I keep thinking about the old WalMart building here (they built a new one, even bigger and badder, just down the road), how it could be turned into a warren of tiny start-up businesses that cross-pollinate each other like busy bees. And about the Trillium Horticultural Park, a visionary project that promises to do its part in transforming Bloomington into a post-industrial, working-with-nature (i.e., permacultural, permanent-cultural) epoch. Here’s an inspiring swords-to-plowshares story about an enormous old complex that used to turn out Navy war ships, now incubating small businesses.
Thanks to businessinsider.com.
How The Brooklyn Navy Yard Has Become The National Model For Creating Manufacturing Jobs
In a time of diminished manufacturing jobs in the United States and high unemployment, many Americans are wondering if the times of actually making things in this country are gone forever.

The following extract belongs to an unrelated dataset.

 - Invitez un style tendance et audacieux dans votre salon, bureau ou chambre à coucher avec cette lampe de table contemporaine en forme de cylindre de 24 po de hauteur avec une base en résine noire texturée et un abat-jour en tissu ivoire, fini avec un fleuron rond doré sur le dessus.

There’s at least one person who may have the answer.
“The days of the smoke stacks are gone,” says Andrew Kimball, president of the Brooklyn Navy Yard Development Corporation (BNYDC). But it’s clear from the 300 acres and 40 buildings he leases to small and medium-size businesses at the Brooklyn Navy Yard, that manufacturing isn’t.
We recently visited the Navy Yard to see how the BNYDC is reviving this once-industrial hub in New York and perhaps creating a model for a new type of manufacturing in the United States.